- Directed by: Mark Moormann
- Starring: Les Paul; Eric Clapton; John Coltrane; Ray Charles; Otis Redding; Ornette Coleman; Tito Puente; Thelonious Monk; Cream; Aretha Franklin; Lynyrd Skynyrd; Derek and the Dominos; Booker T. & the M.G.'s; The Allman Brothers Band;
- Production company: Palm Pictures
- Release date: January 19, 2003 (US);
- Running time: 89 minutes
- Country: United States

= Tom Dowd & the Language of Music =

2003 film

Tom Dowd & the Language of Music is a documentary about the life and work of music producer/recording engineer Tom Dowd released in 2003 and in theater in August 2004. The documentary contains historical footage, vintage photographs and interviews with a list of musicians from the worlds of jazz, soul and classic rock provide insight into the life of Dowd. It was a 2005 Grammy Award nominee. The film is also stored in the Library of Congress.

== About ==
An engineer and producer for Atlantic Records, Dowd was responsible for some of the most influential R&B, rock, and jazz records in the 20th century. In his own words, Dowd tells how he went from working on the Manhattan Project as rising physicist, while still high school age, to recording some of these records. Dowd's technical skills opened increased the prevalence of the recording studio for making music. The documentary tells how his use of the multitrack eight-track tape recorder at Atlantic Records in the late 1950s gave musicians and producers greater control over their productions and helped bring music recording from being monaural to stereo. His contributions made it possible to isolate musical sounds and then manipulate (mix) their parts in the recording process.

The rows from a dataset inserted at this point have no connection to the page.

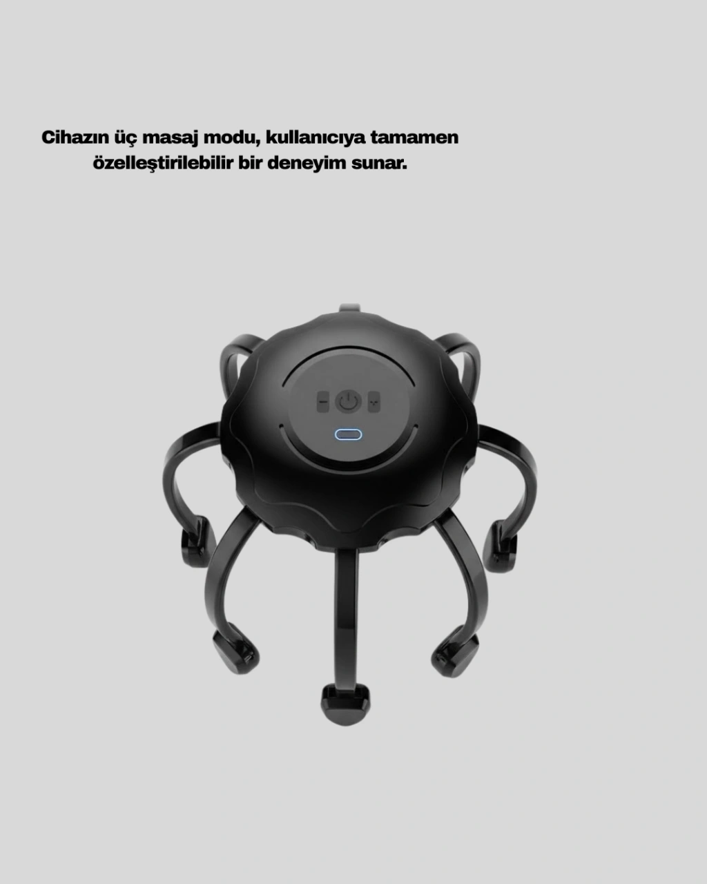 Elektrikli saç derisi masaj aleti, yoğun tempolu yaşamın getirdiği stres ve gerginliği azaltmak isteyen kullanıcılar için özel olarak tasarlanmıştır. Çok noktalı yapıya sahip 8 kollu masaj sistemi sayesinde saç derisinin tamamını kapsayan dengeli bir masaj deneyimi sunar. Titreşimli başlıklar, saç derisine eşit basınç uygulayarak gün boyunca biriken gerginliği azaltmaya yardımcı olur.360 derece kapsama sağlayan esnek masaj kolları, baş çevresini sararak tek noktaya değil tüm saç derisine etki eder. Bu sayede masaj hissi daha homojen ve konforlu hale gelir. Üç farklı masaj modu sayesinde kullanıcılar ihtiyacına göre masaj seviyesini kolayca seçebilir. Hafif mod rahatlatıcı bir etki sunarken, orta mod günlük stresin azalmasına yardımcı olur. Yoğun mod ise daha güçlü titreşimlerle derin bir rahatlama hissi sağlar.USB şarjlı tasarımı sayesinde kablo karmaşasına gerek kalmadan pratik kullanım imkânı sunar. Sessiz çalışan motoru sayesinde gece saatlerinde bile çevreyi rahatsız etmeden kullanılabilir. Hafif ve kompakt yapısı sayesinde evde, ofiste veya seyahat sırasında rahatlıkla taşınabilir.Düzenli kullanımda saç derisinde kan dolaşımını destekleyerek daha canlı ve ferah bir his oluşmasına katkı sağlar. Uzun süre bilgisayar başında kalanlar, stresli günlerin ardından rahatlamak isteyenler ve uyku öncesi gevşeme rutini oluşturmak isteyenler için ideal bir yardımcıdır. Elektrikli saç derisi masaj aleti, günlük yaşamın temposuna kısa ama etkili bir mola vermek isteyenler için pratik ve konforlu bir çözümdür.
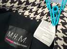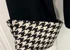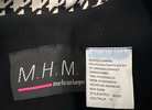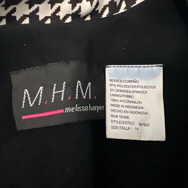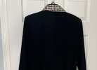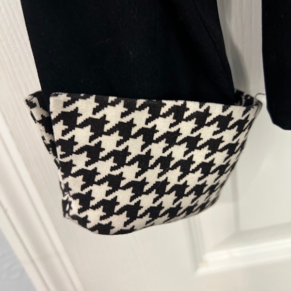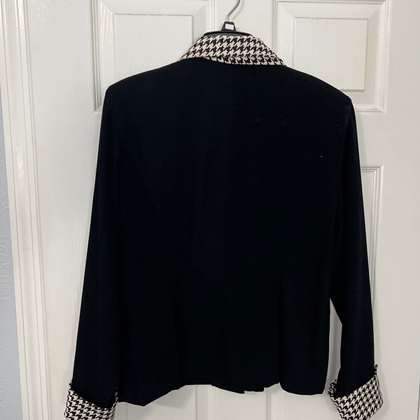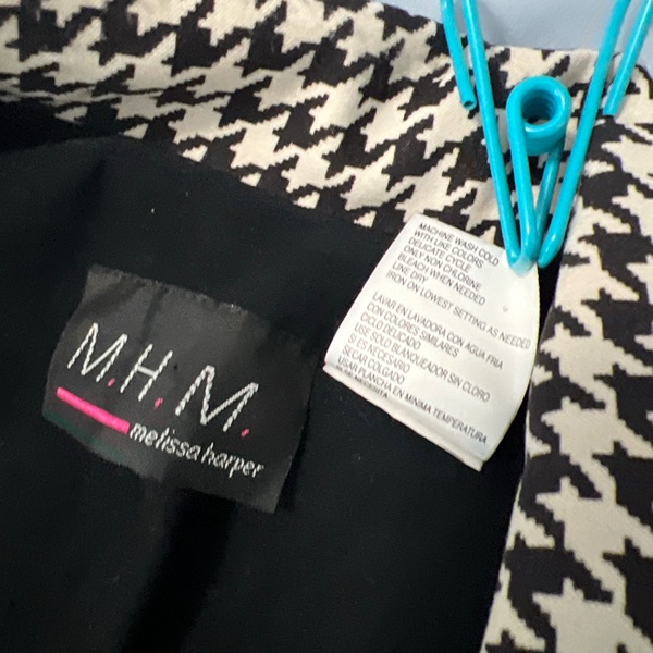 Melissa Harper vintage MHM Crush Velvet Black/ with a zigzag plaid white/black sleeve and collar. Long Sleeve Blazer Jacket Sz 14. Very light shoulder pads. Decorative silver and black 5 buttons. Jacket is just below waist length approximately 23”. Cuffs are turned up. Collar is 3” wide and pointy at ends. Very good condition!
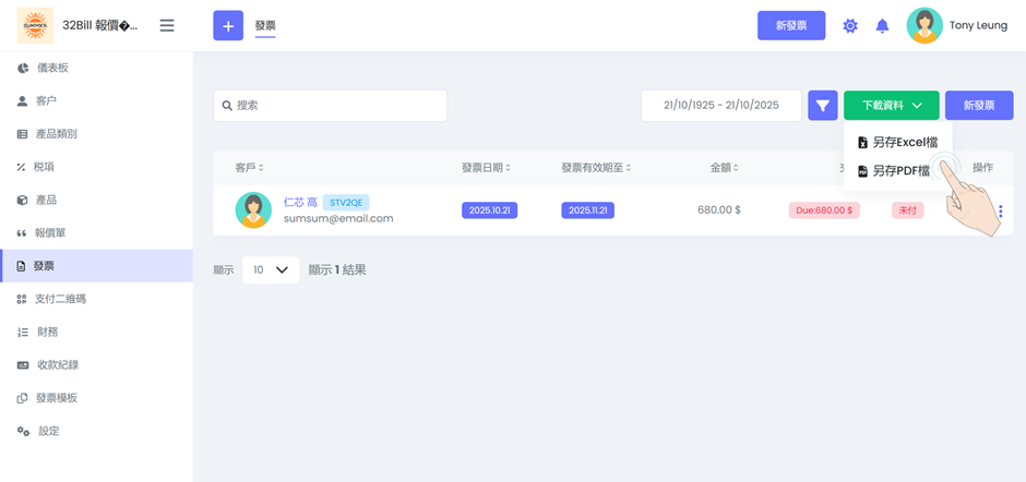 步驟2: 點擊Excel 檔案或PDF 檔案,檢視已匯出之發票。
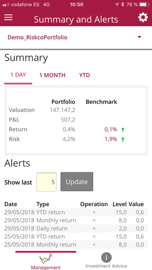 Customized risk-returns alerts of the overall portfolio – not only regarding individual assets- will be delivered meaning you can react quickly.
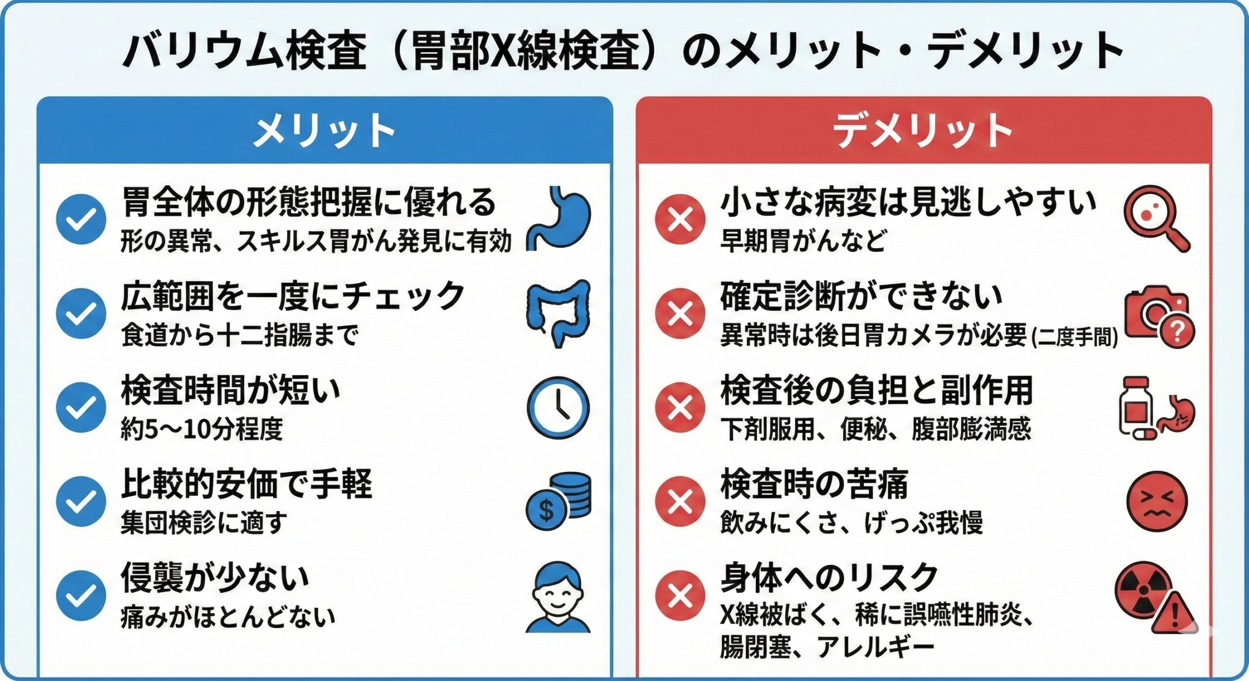 実際にこれまで集団検診では、レントゲン技師でも施行でき効率の良いバリウム検査が広く用いられてきました。加えて侵襲が少なく、体の外から撮影するだけなので体内を器具で触れない安心感があります。飲んだバリウムは検査後に排出しますが、基本的に検査自体の痛みはなく、気軽に「まずは一通り胃のチェック」をしたい人に適した方法と言えるでしょう。

John Coltrane, Charlie Mingus, Aretha Franklin, Bobby Darin, The Drifters, Eric Clapton, Cream, the Allman Brothers are some of the artists interviewed in the documentary.

Filmmaker Mark Moormann premiered the documentary at the 2003 Sundance Film Festival and its international premiere was at the 2003 Toronto International Film Festival. Chris Blackwell's Palm Pictures has released the film in North America and the Caribbean and Lightning Entertainment is handling the foreign release of the film. Dowd died in 2002, shortly after this documentary was made.

== Reception ==
Reception to the documentary at its time of release was positive. Variety, The Austin Chronicle, and Film Threat both gave positive reviews, though Variety noted the film "feels a little long." Author Robert Gordon in the book Respect Yourself: Stax Records and the Soul Explosion called the film a "thrill for all fans of pop music since the early 1960s." The film has also been recommended by authors to watch when learning about becoming an audio engineer.

On review aggregator website Rotten Tomatoes, the film holds an approval rating of 90% based on 30 reviews, with an average rating of 7.4/10.

== Soundtrack ==

Derek And The Dominos
- "Layla"

Cream

- "Tales Of Brave Ulysses"
- "Strange Brew"
- "Sunshine Of Your Love"

Jesse Jones Jr.

- "This Is The Thang"
- "Papa Stoppa"
- "That's The Way Love Is"

Eddie Condon

- "Improvisation For The March Of Time"

Eileen Barton

- "If I Knew You Were Comin' I'd've Baked A Cake"

Cab Calloway

- "Hotcha Razz-Ma-Tazz"

Joe Morris

- "The Applejack"

Stick McGhee

- "Drinkin' Wine Spo-Dee-O-Dee"

Tito Puente

- "Oye Còmo Va"

Columbia University Band

- "Roar Lion, Roar"
- "Sans Souci"

Big Joe Turner

- "Flip Flop And Fly"

Ruth Brown

- "Mama He Treats Your Daughter Mean"

Ray Charles

- "It Should've Been Me"
- "This Little Girl Of Mine"

John Coltrane

- "Naima"

Thelonious Monk

- "Blue Monk"

Ornette Coleman

- "First Take"

Les Paul

- "Sweet Georgia Brown"

The Coasters

- "Charlie Brown"
- "Poison Ivy"

Charles Mingus

- "Pithecanthropus Erectus"

The Drifters

- "Save the Last Dance for Me"

Ben E. King

- "Stand By Me"

Bobby Darin

- "Mack The Knife"

Booker T. & the M.G.'s

- "Hip Hug-Her"
- "Green Onions"

Rufus Thomas

- "Walking the Dog"

Otis Redding

- "Try A Little Tenderness"

Aretha Franklin

- "Baby, Baby, Baby"
- "Ain't No Way"
- "Respect"

The Allman Brothers Band

- "Midnight Rider"
- "In Memory Of Elizabeth Reed"
- "Whipping Post"

Lynyrd Skynyrd

- "Workin' For MCA"
- "Gimme Back My Bullets"
- "Freebird"

The Goods

- "Blow Your Mind"
- "Snow Skies"
- "I Love You"
- "Maybe It's Me"

Tom Dowd

- "I Love A Piano (Joe Bushkin piano cover)"

Wilson Pickett

- "Land Of 1000 Dances"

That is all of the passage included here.